_WORK TO BE COMPLETED_
Reproduce the records below exactly, with nothing altered.

[Stored data]
====================

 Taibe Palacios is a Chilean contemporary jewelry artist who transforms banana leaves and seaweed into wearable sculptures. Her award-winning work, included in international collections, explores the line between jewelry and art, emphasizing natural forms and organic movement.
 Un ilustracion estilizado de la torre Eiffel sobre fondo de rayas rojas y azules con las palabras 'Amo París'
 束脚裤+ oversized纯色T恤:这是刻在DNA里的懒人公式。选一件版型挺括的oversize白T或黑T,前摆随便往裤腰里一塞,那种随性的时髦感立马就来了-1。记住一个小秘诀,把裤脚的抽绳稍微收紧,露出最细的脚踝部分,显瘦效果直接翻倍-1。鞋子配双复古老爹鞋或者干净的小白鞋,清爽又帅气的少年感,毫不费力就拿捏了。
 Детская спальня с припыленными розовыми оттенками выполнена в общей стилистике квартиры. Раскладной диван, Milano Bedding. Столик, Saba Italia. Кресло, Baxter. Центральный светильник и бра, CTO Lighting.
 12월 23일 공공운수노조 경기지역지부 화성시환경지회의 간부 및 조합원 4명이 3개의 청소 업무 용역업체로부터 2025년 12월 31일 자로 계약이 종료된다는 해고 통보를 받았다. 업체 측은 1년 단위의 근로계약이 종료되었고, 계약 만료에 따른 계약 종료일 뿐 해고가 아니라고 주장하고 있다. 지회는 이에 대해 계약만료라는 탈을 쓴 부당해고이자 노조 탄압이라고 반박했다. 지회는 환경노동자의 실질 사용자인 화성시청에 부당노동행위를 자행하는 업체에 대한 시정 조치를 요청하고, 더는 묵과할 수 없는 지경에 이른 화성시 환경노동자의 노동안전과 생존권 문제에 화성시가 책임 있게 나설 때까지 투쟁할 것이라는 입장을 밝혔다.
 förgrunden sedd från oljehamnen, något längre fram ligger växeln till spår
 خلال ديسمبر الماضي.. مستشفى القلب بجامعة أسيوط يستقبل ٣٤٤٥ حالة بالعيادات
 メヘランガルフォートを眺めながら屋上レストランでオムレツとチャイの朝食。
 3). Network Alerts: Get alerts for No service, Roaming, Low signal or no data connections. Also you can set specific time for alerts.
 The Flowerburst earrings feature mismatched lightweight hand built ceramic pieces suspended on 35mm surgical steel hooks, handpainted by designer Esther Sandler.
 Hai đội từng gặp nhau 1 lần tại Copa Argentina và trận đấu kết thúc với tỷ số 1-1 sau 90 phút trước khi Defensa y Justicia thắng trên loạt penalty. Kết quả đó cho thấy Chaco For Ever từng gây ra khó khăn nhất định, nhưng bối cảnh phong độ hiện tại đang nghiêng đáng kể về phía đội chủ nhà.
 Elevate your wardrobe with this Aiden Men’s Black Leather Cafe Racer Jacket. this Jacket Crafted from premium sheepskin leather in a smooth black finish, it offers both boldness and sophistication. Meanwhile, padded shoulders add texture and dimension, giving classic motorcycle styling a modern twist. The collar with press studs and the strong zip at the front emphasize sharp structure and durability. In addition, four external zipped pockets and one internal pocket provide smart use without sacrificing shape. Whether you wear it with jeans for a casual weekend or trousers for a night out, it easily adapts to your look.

====================

_SOLUTION TO THIS EXERCISE_
 Taibe Palacios is a Chilean contemporary jewelry artist who transforms banana leaves and seaweed into wearable sculptures. Her award-winning work, included in international collections, explores the line between jewelry and art, emphasizing natural forms and organic movement.
 Un ilustracion estilizado de la torre Eiffel sobre fondo de rayas rojas y azules con las palabras 'Amo París'
 束脚裤+ oversized纯色T恤:这是刻在DNA里的懒人公式。选一件版型挺括的oversize白T或黑T,前摆随便往裤腰里一塞,那种随性的时髦感立马就来了-1。记住一个小秘诀,把裤脚的抽绳稍微收紧,露出最细的脚踝部分,显瘦效果直接翻倍-1。鞋子配双复古老爹鞋或者干净的小白鞋,清爽又帅气的少年感,毫不费力就拿捏了。
 Детская спальня с припыленными розовыми оттенками выполнена в общей стилистике квартиры. Раскладной диван, Milano Bedding. Столик, Saba Italia. Кресло, Baxter. Центральный светильник и бра, CTO Lighting.
 12월 23일 공공운수노조 경기지역지부 화성시환경지회의 간부 및 조합원 4명이 3개의 청소 업무 용역업체로부터 2025년 12월 31일 자로 계약이 종료된다는 해고 통보를 받았다. 업체 측은 1년 단위의 근로계약이 종료되었고, 계약 만료에 따른 계약 종료일 뿐 해고가 아니라고 주장하고 있다. 지회는 이에 대해 계약만료라는 탈을 쓴 부당해고이자 노조 탄압이라고 반박했다. 지회는 환경노동자의 실질 사용자인 화성시청에 부당노동행위를 자행하는 업체에 대한 시정 조치를 요청하고, 더는 묵과할 수 없는 지경에 이른 화성시 환경노동자의 노동안전과 생존권 문제에 화성시가 책임 있게 나설 때까지 투쟁할 것이라는 입장을 밝혔다.
 förgrunden sedd från oljehamnen, något längre fram ligger växeln till spår
 خلال ديسمبر الماضي.. مستشفى القلب بجامعة أسيوط يستقبل ٣٤٤٥ حالة بالعيادات
 メヘランガルフォートを眺めながら屋上レストランでオムレツとチャイの朝食。
 3). Network Alerts: Get alerts for No service, Roaming, Low signal or no data connections. Also you can set specific time for alerts.
 The Flowerburst earrings feature mismatched lightweight hand built ceramic pieces suspended on 35mm surgical steel hooks, handpainted by designer Esther Sandler.
 Hai đội từng gặp nhau 1 lần tại Copa Argentina và trận đấu kết thúc với tỷ số 1-1 sau 90 phút trước khi Defensa y Justicia thắng trên loạt penalty. Kết quả đó cho thấy Chaco For Ever từng gây ra khó khăn nhất định, nhưng bối cảnh phong độ hiện tại đang nghiêng đáng kể về phía đội chủ nhà.
 Elevate your wardrobe with this Aiden Men’s Black Leather Cafe Racer Jacket. this Jacket Crafted from premium sheepskin leather in a smooth black finish, it offers both boldness and sophistication. Meanwhile, padded shoulders add texture and dimension, giving classic motorcycle styling a modern twist. The collar with press studs and the strong zip at the front emphasize sharp structure and durability. In addition, four external zipped pockets and one internal pocket provide smart use without sacrificing shape. Whether you wear it with jeans for a casual weekend or trousers for a night out, it easily adapts to your look.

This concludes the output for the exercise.